In July 2020, we established a Sustainable Finance Team within Corporate and Investment Bank (CIB). Our Sustainable

Finance Committee meets monthly, and is comprised of employees from risk, treasury, Group sustainability, and various CIB teams. In October 2020, our Board of Directors elevated sustainability risk to a principal risk in our Enterprise Risk Management Framework (ERMF). We provided an assessment of the exposure to climate change risk in our lending and the opportunities to finance climate change mitigation and adaptation in our first Task Force on Climate-Related Financial Disclosures (TCFD) report in March 2021 in response to our AGM climate change resolution.
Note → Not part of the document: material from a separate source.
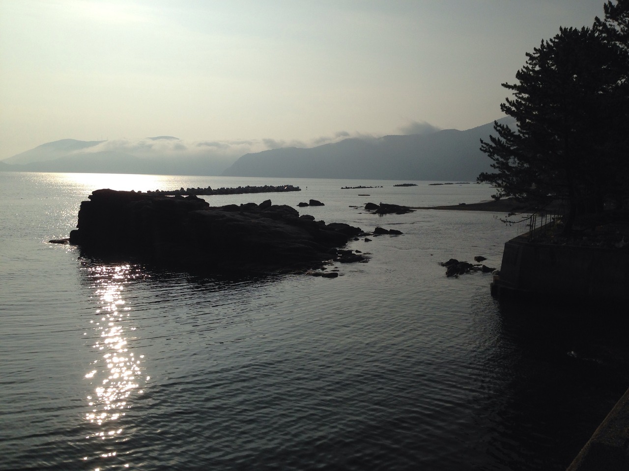 左にハンドルを切ると遠くに海と山が重なってみえる。

In addition, we released our first PRB report.

In March 2021, we were the first South African bank to announce Sustainable Finance targets. By 2025, CIB intends to finance R100 billion in ESG-related loans and debt. Relationship Banking also intends to finance R2.5 billion, or 250MW, in embedded power in South Africa by 2025. These are important milestones to note in South Africa only and coinciding efforts are being implemented in other markets based on market-to-market needs.